3. Results and discussion

To validate the performance of the trained FNN in predicting PSDs of both monodisperse and polydisperse spherical nanoparticles, we systematically evaluated test datasets containing 1 to 4 peaks, each consisting of 3000 simulated samples.

As shown in Fig. 2, the MREs of the FNN-predicted PSDs are below 0.3 across all distributions, while the mean of R² exceeds 0.93. Specifically, MRE and R² values across test datasets with different peak numbers are comparable, and the prediction robustness keeps stable as the peak number increases. These results demonstrate the excellent mapping capability of the developed FNN model for both unimodal and multimodal PSDs.


	Fig. 2 Comparison of mean MRE and R² for PSDs with varying peak numbers.

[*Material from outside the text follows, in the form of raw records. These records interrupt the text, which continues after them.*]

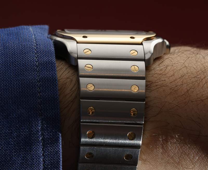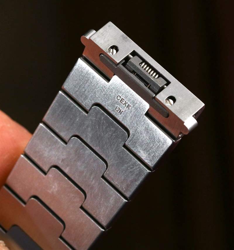 那些新系統(tǒng)是什么?卡地亞稱它們?yōu)?QuickSwitch 和 SmartLink。不,這些功能并不是獨(dú)一無(wú)二的,但很高興看到它們被部署在豪華手表中。雖然卡地亞沒(méi)有說(shuō)出來(lái),但我認(rèn)為可以肯定地說(shuō),新款 Santos 手鐲深受 Apple Watch 類似鋼制金屬手鐲的啟發(fā)。QuickSwitch 是一種手鏈釋放系統(tǒng),可讓您輕松按下手鏈下方的按鈕將其從表耳中釋放。同樣,其他手表也具有此功能,但它對(duì) Santos 來(lái)說(shuō)做得非常好,而且與表殼的貼合非常安全。QuickSwitch 是有道理的,因?yàn)榭ǖ貋喸O(shè)想 Santos 的車主會(huì)定期更換表帶顏色以及從表帶到手鐲。更重要的是,當(dāng)您在手鐲上購(gòu)買 Santos 時(shí),卡地亞會(huì)附贈(zèng)一條皮革表帶。
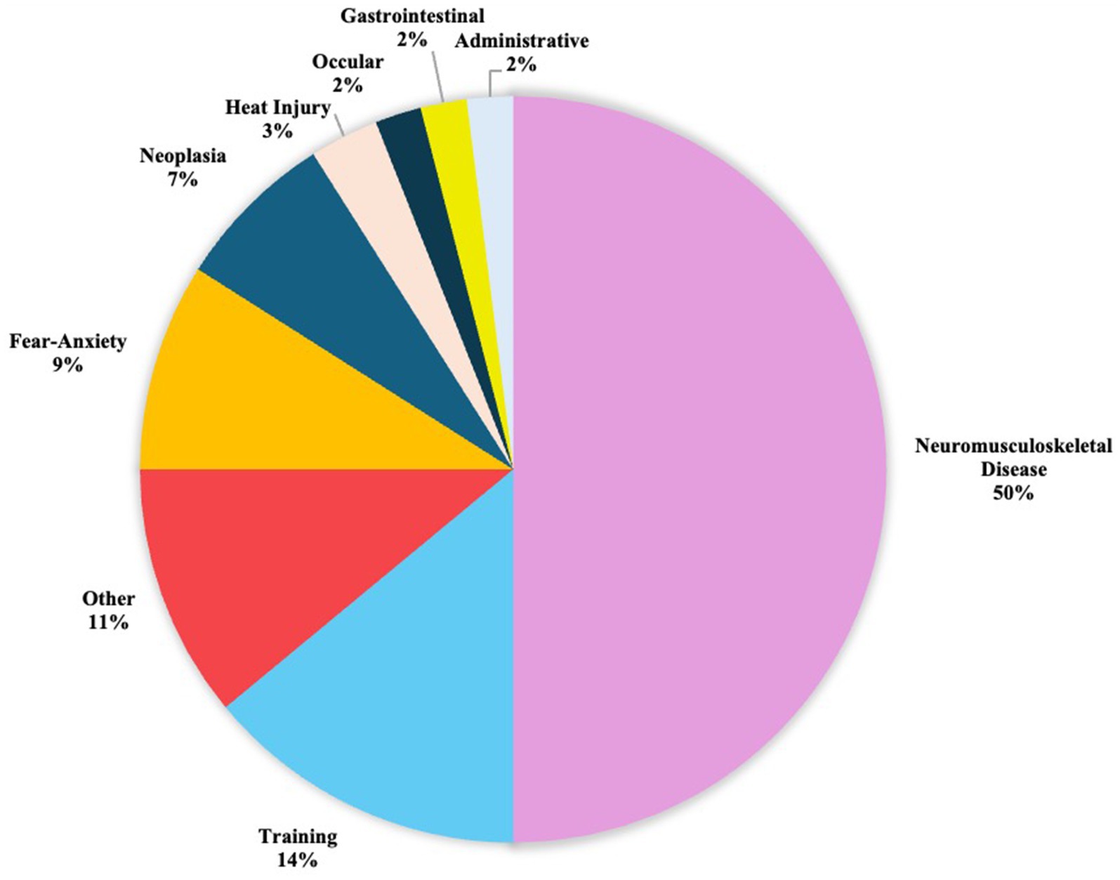 Chi square analysis revealed a highly significant difference in proportions by service discharge category (p < 0.0001). Follow up analysis used a Bonferroni adjusted alpha of 0.003. The most common service discharge categories were neuromusculoskeletal disease, training, fear-anxiety, neoplasia, and heat injury. The service discharge category with the highest frequency, neuromusculoskeletal disease, was significantly different than all other categories (p < 0.003). Frequency of training was significantly different from all other categories (p < 0.003). Fear-anxiety frequency was not significantly different from the frequency of neoplasia (p = 0.0378) but was significantly different from all other categories (p < 0.003). Similarly, neoplasia frequency was significantly different than other categories, excluding fear-anxiety (p < 0.003). Heat injury frequency was not significantly different from the frequencies of administrative (p = 0.2007), gastrointestinal disease (p = 0.2007), and ophthalmologic disease (p = 0.2922). However, the frequency of heat injury was significantly different from the other categories (p < 0.003). Therefore, these top five categories account for significant proportions of the discharge causes caused when compared to all other categories (Figure 1). Cumulatively, these five most prominent categories account for 83.50% of all the service discharge occurrences in the studied population. Frequencies of each category can be found in Table 1.
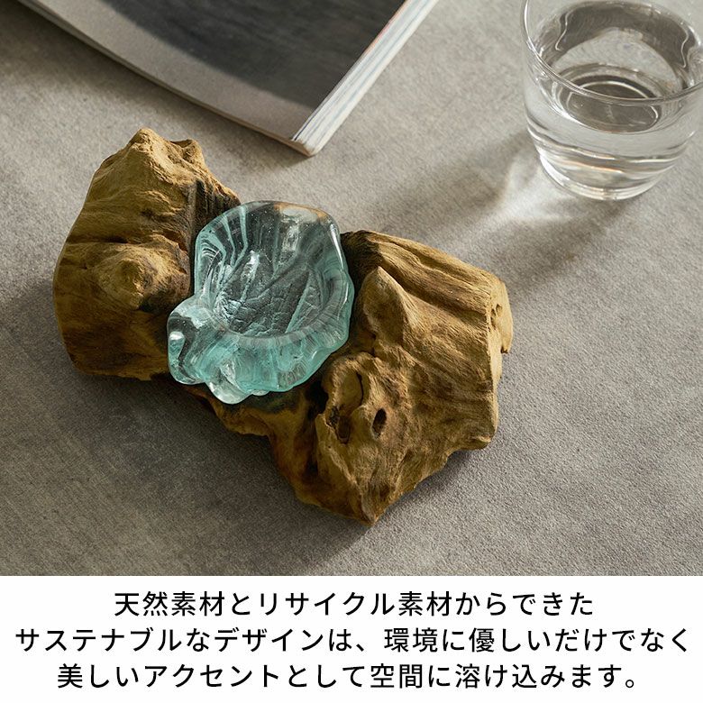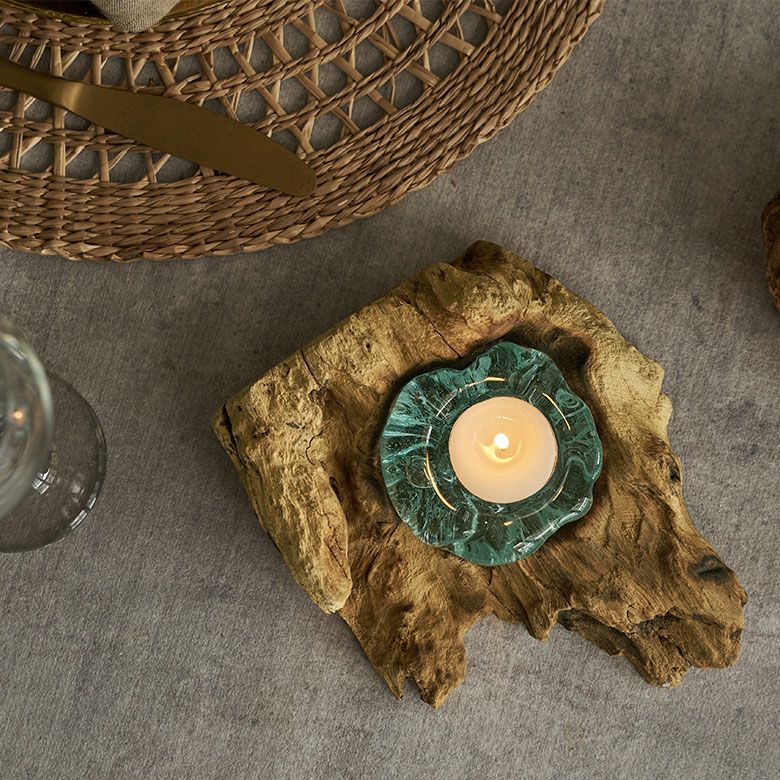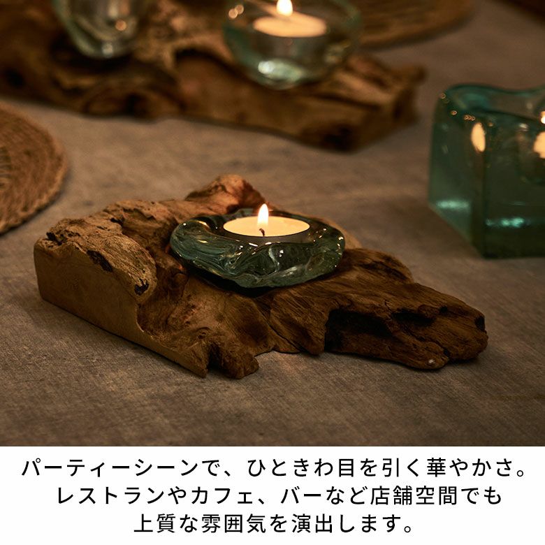 古木の自然な造形と職人の技が織りなす、古木×リサイクルガラスのキャンドルホルダー。
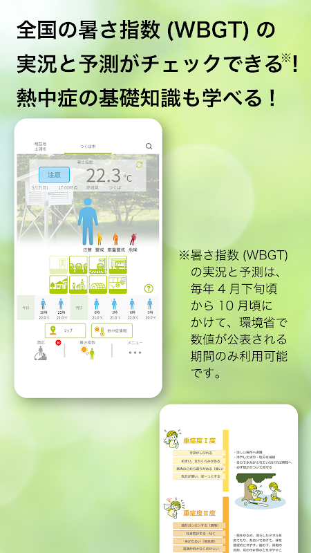 *このアプリで表示される暑さ指数(WBGT)の予測値と現在の暑さ指数の推計値(実況推定値)は、気象庁の資料に基づいて独自の方法で算出したものであるため、実際の値とは若干異なることがあります。「環境省 熱中症予防サイト」のデータを提供いたします。
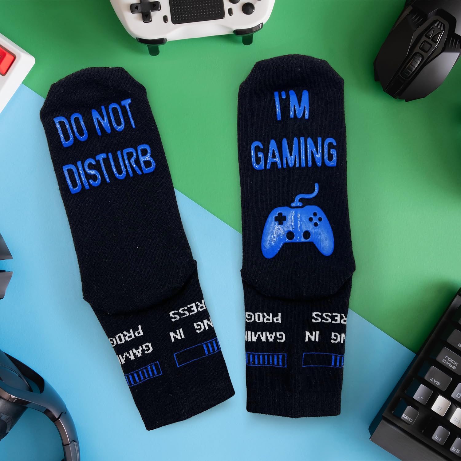 Funny Socks, DO NOT DISTURB I’M GAMING Socks with Grips Gamer Gifts for Men Who Have Everything, Gaming Socks Novelty Gifts for Teenage Boys Men 9-12 uk Christmas Birthday Gifts
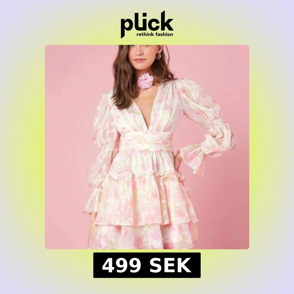 Superfin kortklänning i pastellrosa med blommigt mönster och volanger. Djup v-ringning, markerad midja och puffiga långärmar med smock vid ärmslut. Klänningen har omlottkänsla och är gjord i ett lätt, transparent material med underklänning. Helt slutsåld och är i st S, Aldrig använd.
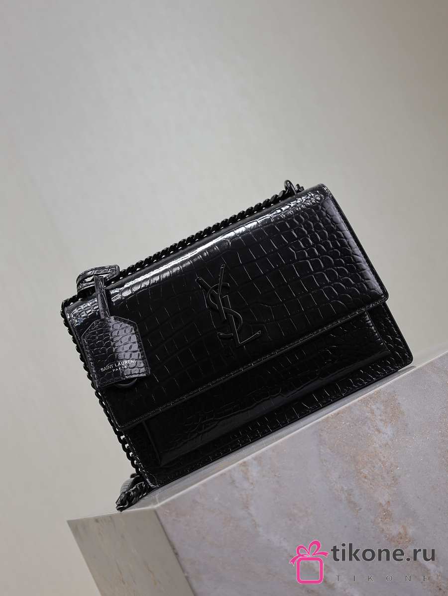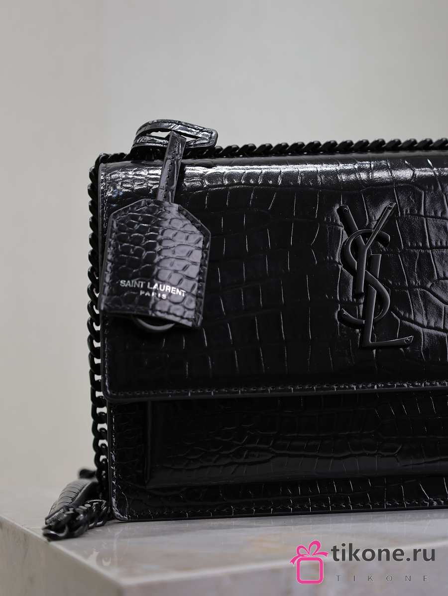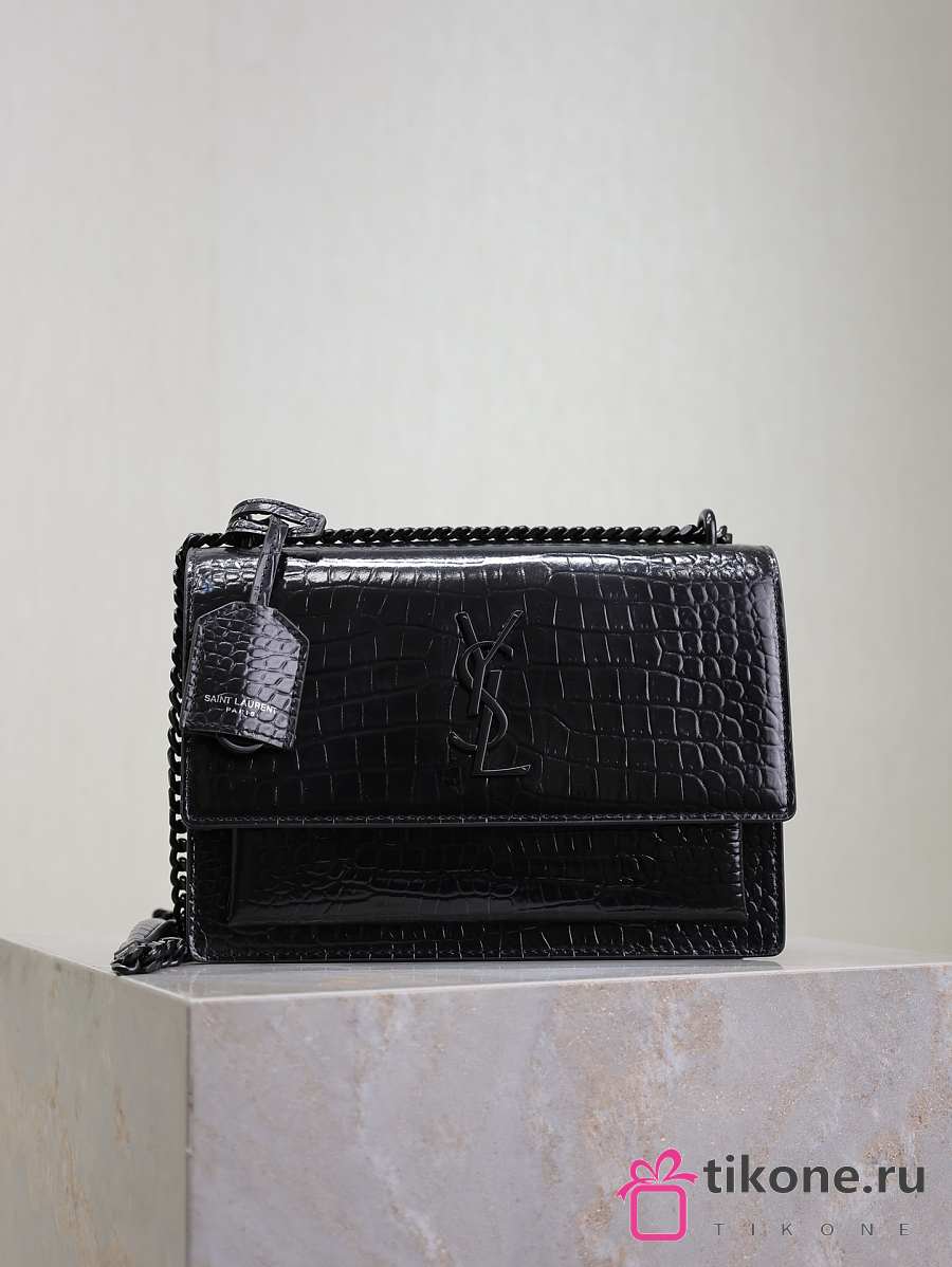 YSL Sunset Medium In Crocodile Embossed Leather Black - 22x8x16
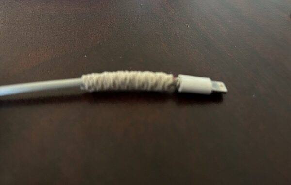 最後用打火機將線頭收緊,這樣修復好的充電線就很耐用了。如果想要美觀可以選用自己喜歡的細線繩。
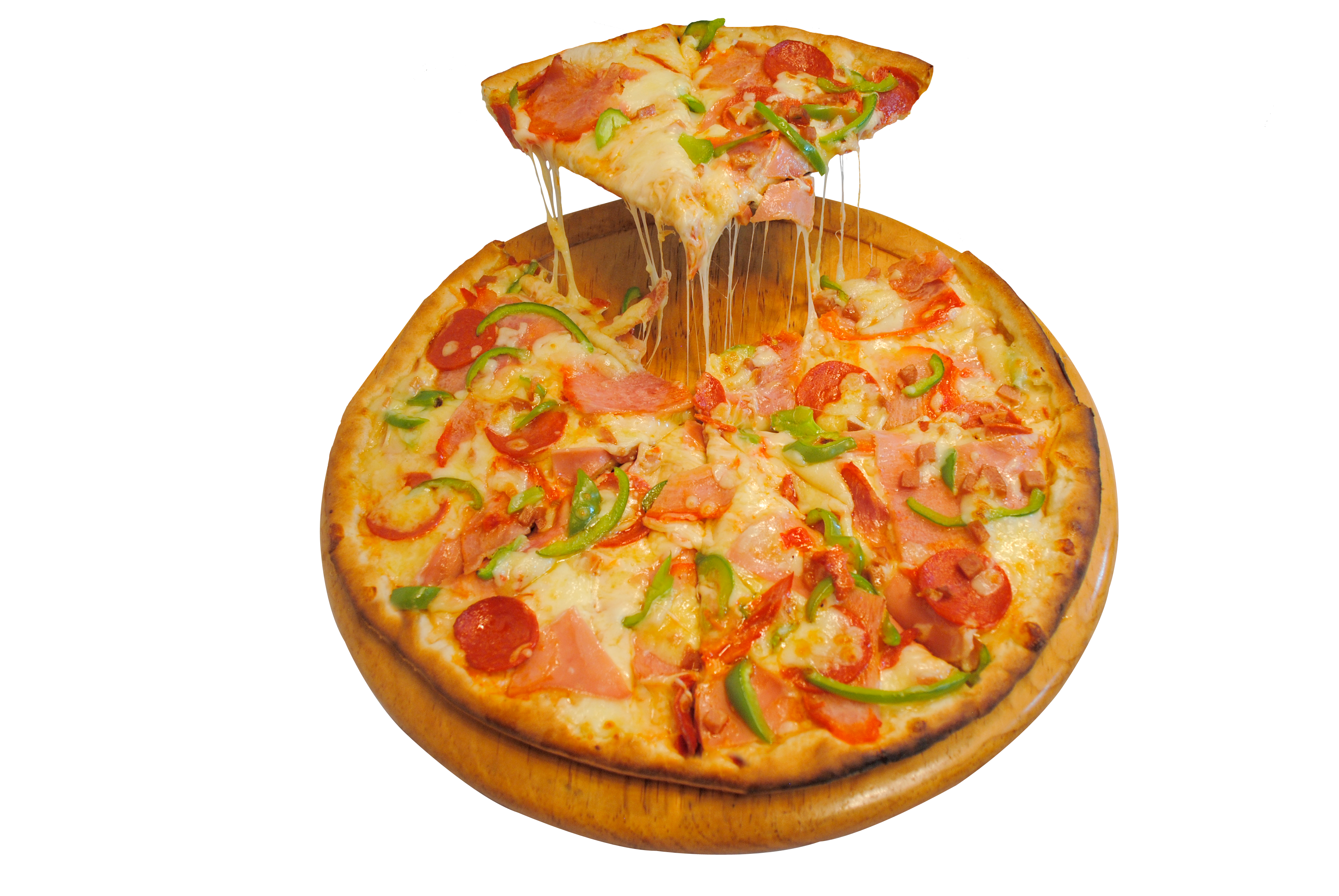 Pizza mediana especial 30 cm con jamón, pepperoni, pimiento, pierna, refresco de 400 ml y otra pizza mediana a elegir.
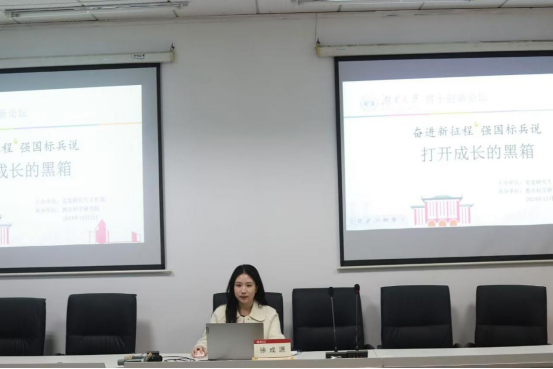 为了帮助同学们在“研”途中找寻方向,获得成长动力,12月4日晚7点,由党委研究生工作部主办,我院研究生会承办的博士创新论坛于银杏楼102报告厅顺利举行。2022级教育学专业研究生徐成源以“打开成长的黑箱”为题与同学们分享交流,由我院研会科创部谢蕙如同学主持。
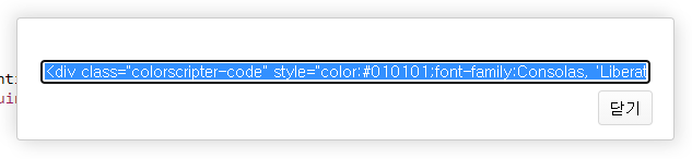 Color Scripter로 복사된 코드의 첫 부분과 끝 부분에 <code> ... </code> 태그를 추가한다.
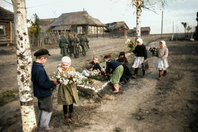 Дети возлагают цветы на могилу советских солдат. Ржев, 1943 год.

To evaluate the prediction performance of the FNN intuitively, representative samples were randomly selected from test datasets containing 1 to 4 peaks. The predicted and ground-truth PSDs along with their corresponding scattering intensity profiles are compared, as shown in Fig. 3. The FNN model achieves high-fidelity PSD predictions across all test cases. For the one-peak case (Fig. 3(a)), the predicted curve accurately captures both the peak position and the full width at half maximum (FWHM) of the ground-truth distribution with a MRE of 0.1664 and an R² value of 0.9613. For the two-peak case (Fig. 3(b)), the model correctly resolves the peak separation and relative intensity ratio without peak position misassignment, yielding a MRE of 0.2070 and an R² value of 0.9318. Fig. 3(c) and (d) show that, for the three- and four-peak cases, FNN-based predictions also show good agreement with the ground-truth for all critical parameters including peak positions, intensity ratios, and FWHM. Notably, even those peaks with relatively lower content are accurately resolved in terms of position and distribution width, with a MRE of 0.2359 and an R² value of 0.9094 for the three-peak case and a MRE of 0.2014 and an R² value of 0.9503 for the four-peak case. The corresponding scattering intensity curves (Fig. 3(e)–(h)) further verify the consistency between the FNN-predicted and ground-truth profiles. Across all cases, the MRE between the FNN-predicted and ground-truth scattering curves is below 0.04 with R² values all exceeding 0.999. This suggests an excellent match for both monodisperse and polydisperse systems. The stable performance confirms the reliability of the FNN in deconvoluting complex scattering signals and accurately reconstructing multi-peak PSDs.


	Fig. 3 Predicted and ground-truth PSD curves for (a) one-peak, (b) two-peak, (c) three-peak, (d) four-peak distributions, and the corresponding predicted and ground-truth scattering curves for (e) one-peak, (f) two-peak, (g) three-peak, and (h) four-peak distributions.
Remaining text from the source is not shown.